Some 2.4 million North Koreans now subscribe to mobile phones according to Orascom Telecom Media & Technology Holding of Egypt, which provides cell service here. Since mid-2014, phones loaded with high tech games and romance novels have arrived in Pyongyang, the capital. North Koreans can now own Google Android smart phones with 30 foreign games included, even as access to the Internet and 3G is still unavailable.

Despite crippling conditions in many places, Kim has expanded the availability of previously forbidden products to a broader swath of the nation’s elite and their offspring in urban areas – partly to placate new generations of Koreans and party to offer perks to regime loyalists the Kim needs support from.

Digital cameras, credit cards, and cosmetics – the basics of Western and Chinese consumer culture — are now showing up in one of the world’s most ideologically rigid states. Previously unavailable foreign products, including German beer, shampoo, toothpaste and Japanese mayonnaise are on the increase.
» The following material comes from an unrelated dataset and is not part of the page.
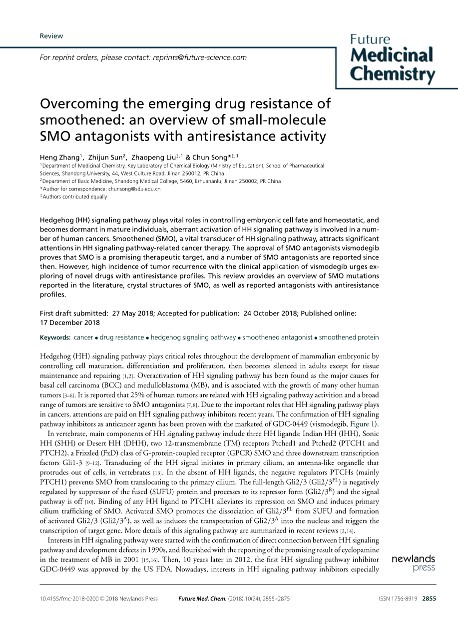 克服出现的SMO耐药性:具有抵抗耐药性的小分子 SMO 拮抗剂的综述

Coffee has become a common drink, and some restaurants even serve espresso from Italian espresso machines.

The message if not the reality is that daily life is improving for those in urban areas.

Yet, food and power shortages remain in much of the country, and a gap has widened between the privileged in the city and those living second-class lives in the countryside. Most ordinary North Koreans can’t afford a camera. Wood-burning steam-powered trucks are still seen running outside Pyongyang. And many people rely on their feet or on hitchhiking for transportation.

[Read full article in The Christian Science Monitor]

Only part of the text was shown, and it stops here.